Your task —
Leave out the pictures, and retype the remaining data exactly.

** Opening Given data block **

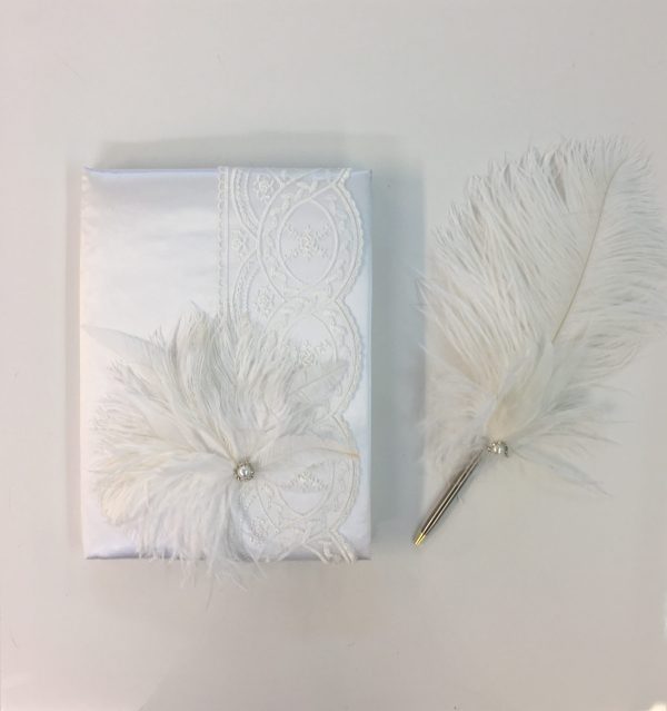 GELİN ANI DEFTERİ TÜYLERLE SÜSLENMİŞTİR.
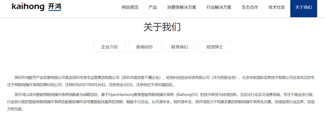 官网介绍显示,深开鸿由深圳市资本运营集团有限公司(深圳市国资委下属企业)、哈勃科技创业投资有限公司(华为控股全资)、北京中软国际信息技术有限公司合资成立,注册时间2021年8月26日,注册资金5亿元,注册地为深圳福田区。
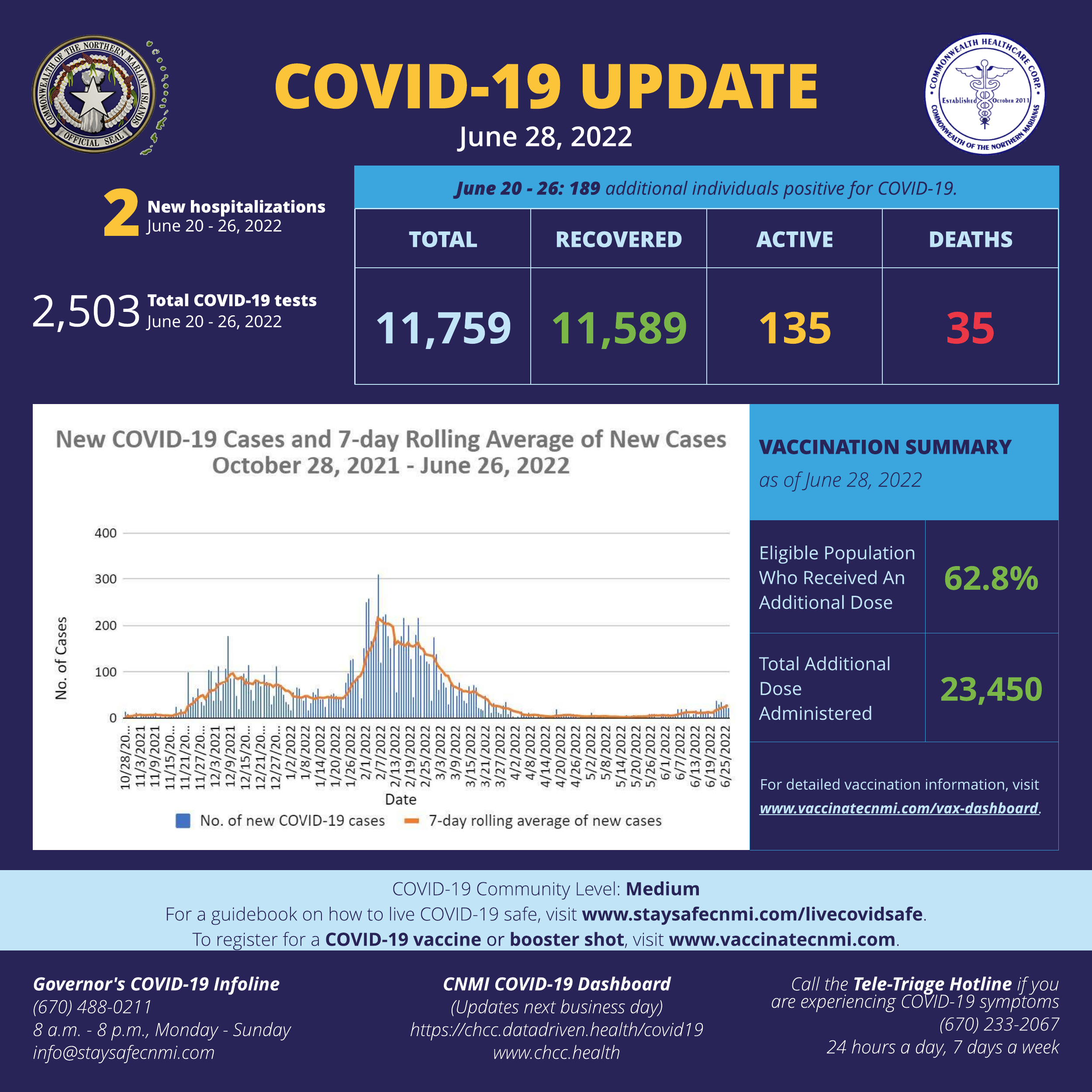 189 additional individuals have been confirmed positive for Covid-19, bringing the CNMI total to 11,759 cases since March 28, 2020.

** Closing Given data block **

Finished exercise —
 GELİN ANI DEFTERİ TÜYLERLE SÜSLENMİŞTİR.
 官网介绍显示,深开鸿由深圳市资本运营集团有限公司(深圳市国资委下属企业)、哈勃科技创业投资有限公司(华为控股全资)、北京中软国际信息技术有限公司合资成立,注册时间2021年8月26日,注册资金5亿元,注册地为深圳福田区。
 189 additional individuals have been confirmed positive for Covid-19, bringing the CNMI total to 11,759 cases since March 28, 2020.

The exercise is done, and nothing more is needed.